Privacy op Internet is vrijwel onbestaande • alles wat we on-line doen laat een spoor achter • wat we vertellen is duidelijk, maar ook alle ander Internet gebruik wordt geobserveerd
!13
We zien hier een oude cartoon die echt helemaal achterhaald is. Alles wat we on-line doen wordt geobserveerd. Een zoekmachine als Google weet veel meer over ons dan alleen wat we bewust op Internet publiceren via tweets, facebook, blogs, discussie forums, etc. Elke vraag aan Google zegt iets over ons. Elke klik op een zoekresultaat zegt iets over ons. Google weet echt wel wie een hond is en wie niet.

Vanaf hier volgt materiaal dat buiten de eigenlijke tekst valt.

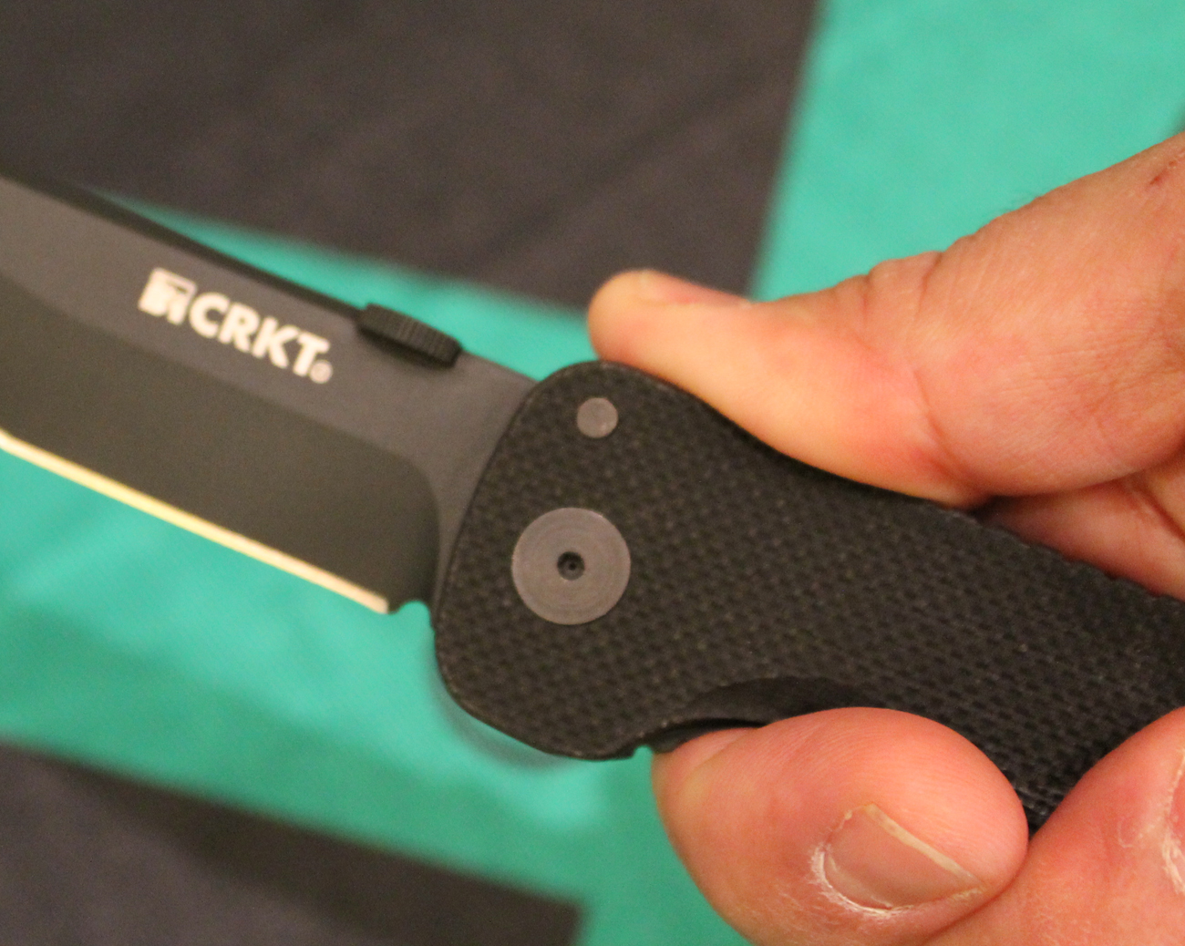 The knife is not an assisted opener, like the Hissatsu or Heiho. I am not enamored with the CRKT Outburst™ assisted opening system. Though it snaps with authority, my experience is that it takes such force to get the blade into assist mode that my opposable digit tends to fly toward the naked edge. Fortunately, Outburst can be deactivated. The OnK is just fine unassisted.
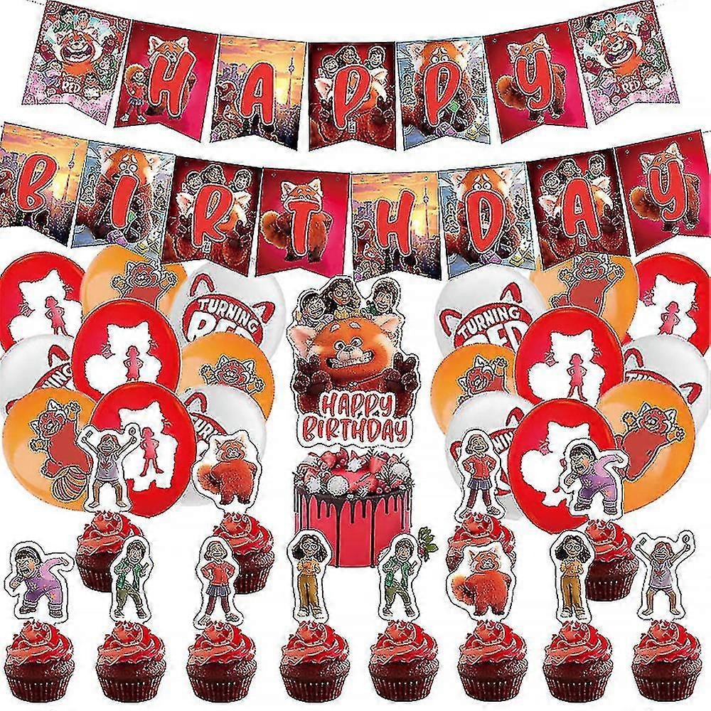 44pcs Turning Red Party Decor Balloon Banner Cake Topper Sets

We willen niet alles delen: hoe geheim houden? • systeem-beveiliging: • sta alleen bepaalde communicatie tussen Internet en je computer (netwerk) doe met behulp van een firewall • detecteer of voorkom het binnendringen van malware door gedrag te observeren: intrusion detection
• communicatie-beveiliging: bij elke communicatie • geheimhouding door middel van versleuteling • integriteit door middel van controle (checksum) • authenticiteit met een digitale handtekening van de afzender • niet-onkenbaarheid via een afleverbevestiging (zoals bij een aangetekende zending)
!14
Hoe houden we onze computers en communicatie veilig? De computer heeft twee beveiligingen nodig: • Een firewall laat alleen bepaalde communicatie toe. Alle communicatie die op Internet mogelijk is maar die we niet gebruiken willen we blokkeren zodat kwaadwillenden onze computer niet via door ons ongewenste kanelen kunnen benaderen. • Wanneer we communicatie willen toestaan (bijvoorbeeld verbinding met het Web en email) dan moeten we de data die we communiceren verifiëren. Een anti-virus programma bijvoorbeeld kijkt of er geen verdacht gedrag optreedt. De communicatie die we met anderen hebben moet aan vier voorwaarden voldoen: • geheimhouding: wanneer we een bericht versturen kan het tijdens de verzending onderschept worden. We kunnen dit niet voorkomen maar als we een geheimschrift gebruiken kan de werkelijke inhoud van de boodschap toch geheim blijven. • integriteit: tijdens de verzending mag een bericht niet veranderd worden. We kunnen ook dit niet garanderen, maar we kunnen een controle inbouwen (een checksum) waarmee de ontvanger kan checken of het bericht nog intact is. • authenticiteit: we willen garanderen dat het bericht komt van de afzender die er op staat. Dat kan met een digitale handtekening, die gekoppeld is aan het bericht zodat de handtekening alleen in combinatie met dit bericht werkt. • niet-onkenbaarheid: we willen een ontvangstbevestiging terugkrijgen zoals bij een aangetekende zending
Is Internet-criminaliteit wel een echt probleem? • In de “gewone” wereld valt criminaliteit wel mee? • Met hoeveel mensen/bedrijven kom je in aanraking en hoeveel daarvan proberen je te bedriegen/bestelen? • Hoeveel mensen/bedrijven kunnen je via Internet bereiken en neem dezelfde verhouding tussen goede en slechte…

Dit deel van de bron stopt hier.